**Exercise requirements:**
Could you output each line below exactly as it appears, excluding any pictures?

*** Opening of Recorded data ***

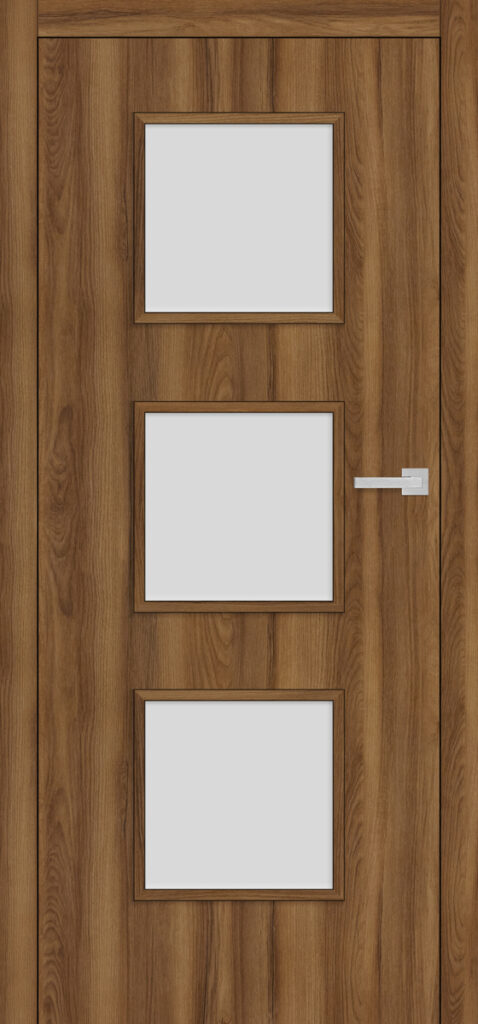 Gładkie skrzydło zdobi pionowa kolumna kwadratowych ramek – pełnych lub przeszklonych. Dostępne są różne warianty ułożenia i trzy wielkości płycin, co ułatwia dopasowanie modelu do wnętrza i indywidualnego stylu.
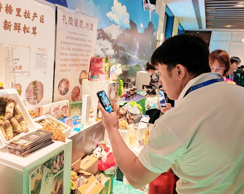 7月4日,一名采购商在第三届香格里拉松茸论坛上拍摄松茸。新华社记者 浦超 摄
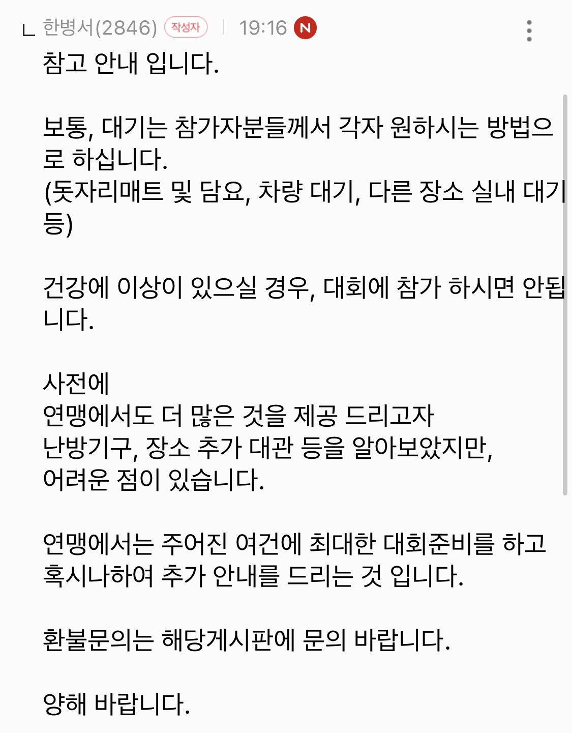 저도 행사 업무를 진행해봐서 알지만 난방기구 대여는 어려운 일이 아닙니다. 연맹이 무책임한 태도로 방관하다 대회 직전에 송파구청에서 지시하니 급급하게 진행하느랴 생긴 일 아닙니까?
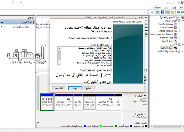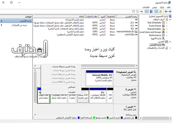 ينتج لنا بارتيشن جديد بدون اسم نعمل كليك يمين ونختار وحدة تخزين بسيطة جديدة

*** Close of Recorded data ***

**Output of the exercise:**
 Gładkie skrzydło zdobi pionowa kolumna kwadratowych ramek – pełnych lub przeszklonych. Dostępne są różne warianty ułożenia i trzy wielkości płycin, co ułatwia dopasowanie modelu do wnętrza i indywidualnego stylu.
 7月4日,一名采购商在第三届香格里拉松茸论坛上拍摄松茸。新华社记者 浦超 摄
 저도 행사 업무를 진행해봐서 알지만 난방기구 대여는 어려운 일이 아닙니다. 연맹이 무책임한 태도로 방관하다 대회 직전에 송파구청에서 지시하니 급급하게 진행하느랴 생긴 일 아닙니까?
 ينتج لنا بارتيشن جديد بدون اسم نعمل كليك يمين ونختار وحدة تخزين بسيطة جديدة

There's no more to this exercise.